Research Topics in Collaboration

I wanted to follow up on my Monday post about the importance of collaboration products to Skype's business strategy. The great thing about collaboration is that it is very hard. Collaboration is less a discipline than a catchall term. It's peopleware more than technology, anecdotes more than evidence. Universities have no Collaboration Studies department in schools of business, humanities, engineering, or medicine. Industry and governments study collaboration but produce narrow benefits, poorly shared.

Frankly, there's no Collaboration Science to inform the design of the next generation of tools like Skype.

Society needs it. The web needs it. I want to do it.

So what questions about collaborative behavior and collective productivity could investigations answer? Which avenues could radically improve the ability of live and time-shifted talk to become work effort? What collaboration patterns and social software designs can break down barriers and bridge teams and connect project stakeholders?

I made a list and called it Skype Journal - Research Topics in Collaboration (not attempting any creativity there). The research areas showed four themes:

  • Talk is a component within larger relationships
  • Talk systems are part of a larger interconnected network of information systems
  • Work adds constraints that help focus conversation
  • Collaboration as collective productivity

and the topics fell in three clusters:

  • Getting Started (Ridiculously Easy Group Formation; Group Goal Forming; To Do Lists, Calendars, Personal Time Management, and Getting Things Done Together; Fame and Reputation)
  • Being Better Together (Augmenting Inline Conversation; From Discovery to Action; Decision Making and Decision Support; Collaboration Afoot; Situational Awareness; How Collaborators Use Search and Personal/Collective memory; Gestures of Tomorrow)
  • Crossing Boundaries (Intergroup Collaboration; Earning Trust and Using Whuffie; Collective Presence and Project Presence/ActivityStreams; Transparency and Collaboration; Backchannels; Scaling Collaboration from Tasks to Projects to Programmes)

It's a quick read, needs pictures and I consider this a rough, incomplete draft. The questions are a sample to get a feel for the space to be studied. 

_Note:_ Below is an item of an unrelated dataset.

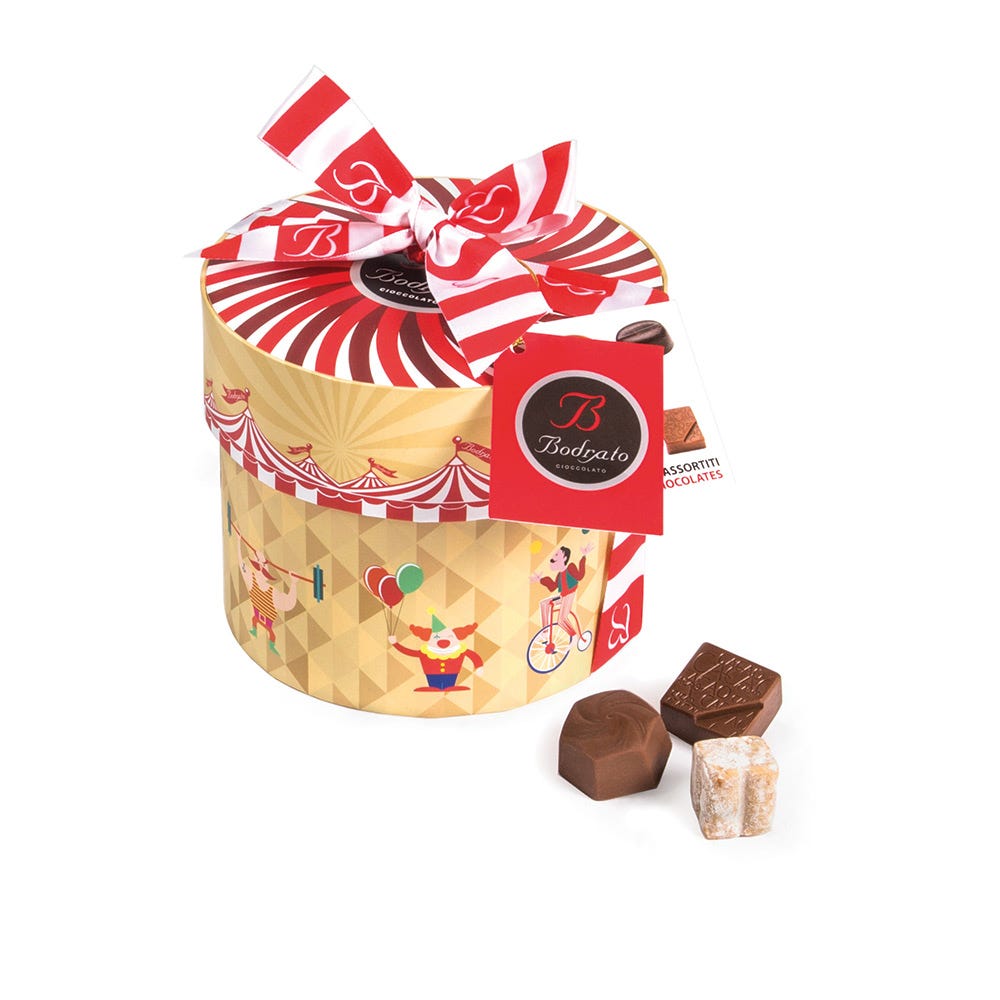 Filled Pralines Cover: Dark chocolate (cocoa:60% min) (cocoa mass, sugar, cocoa butter, emulsifier: SOY and sunflower lecithin, natural vanilla flavor). Milk chocolate (cocoa: 35% min) (sugar, cocoa butter, whole MILK powder, cocoa mass, emulsifier: SOY and sunflower lecithin, natural vanilla flavor)Filling Hazelnut cream fr. 1 praline: HAZELNUTS 13%, sugar, vegetable oils and fats (sunflower, coconut, cocoa butter), skimmed MILK powder, WHEY powder (MILK), cocoa butter, emulsifier: SOY and sunflower lecithin, natural vanilla flavor.Filling trottola praline: vegetable oils and fats (sunflower, coconut, safflower, rice, cocoa butter), sugar, low fat cocoa powder 6,4%, skimmed MILK powder, WHEY powder (MILK), cocoa mass 1,3%, emulsifier: SOY and sunflower lecithin, natural vanilla flavor, vanillin.Filling Bonet praline: sugar, vegetable oils and fats (sunflower, coconut, safflower, rice, cocoa butter), low fat cocoa powder 5,6 %, skimmed MILK powder, chopped amaretto 2% (sugar, apricots kernel, EGG whites), WHEY powder (MILK), cocoa mass 1,5%, whole MILK powder, cocoa butter, amaretto flavor 0,1%, emulsifier: SOY and sunflower lecithin, natural vanilla flavor, vanillin.Filling coffee praline: sugar, vegetable oils and fats (sunflower, coconut, cocoa butter), skimmed MILK powder, WHEY powder (MILK), Huehuetenango coffee powder 2%, emulsifier: sunflower lecithin, natural vanilla flavor.Giandujotto classic Sugar, HAZELNUTS, cocoa butter, cocoa mass, whole MILK powder, emulsifier: SOY and sunflower lecithin, natural vanilla flavor.

How can we answer the questions? Research. Each topic is amenable to a different blend of usability testing, instrumented communication tools, prototyping, field ethnography of high function collaborative teams, and analysis of data from virtual teams.

I'd like to assemble a body of knowledge that turns our digital tin-cans-with-strings into engines of effectiveness.

Help me kick start this. (Yes, this is a bit self-referential.) What topics are missing? Prior art? Can this research occur in an open space or must it happen inside a corporate firewall? Of all the research topics, which ones are low-hanging fruit and which are harder to reach but outstanding value? Here's the pdf.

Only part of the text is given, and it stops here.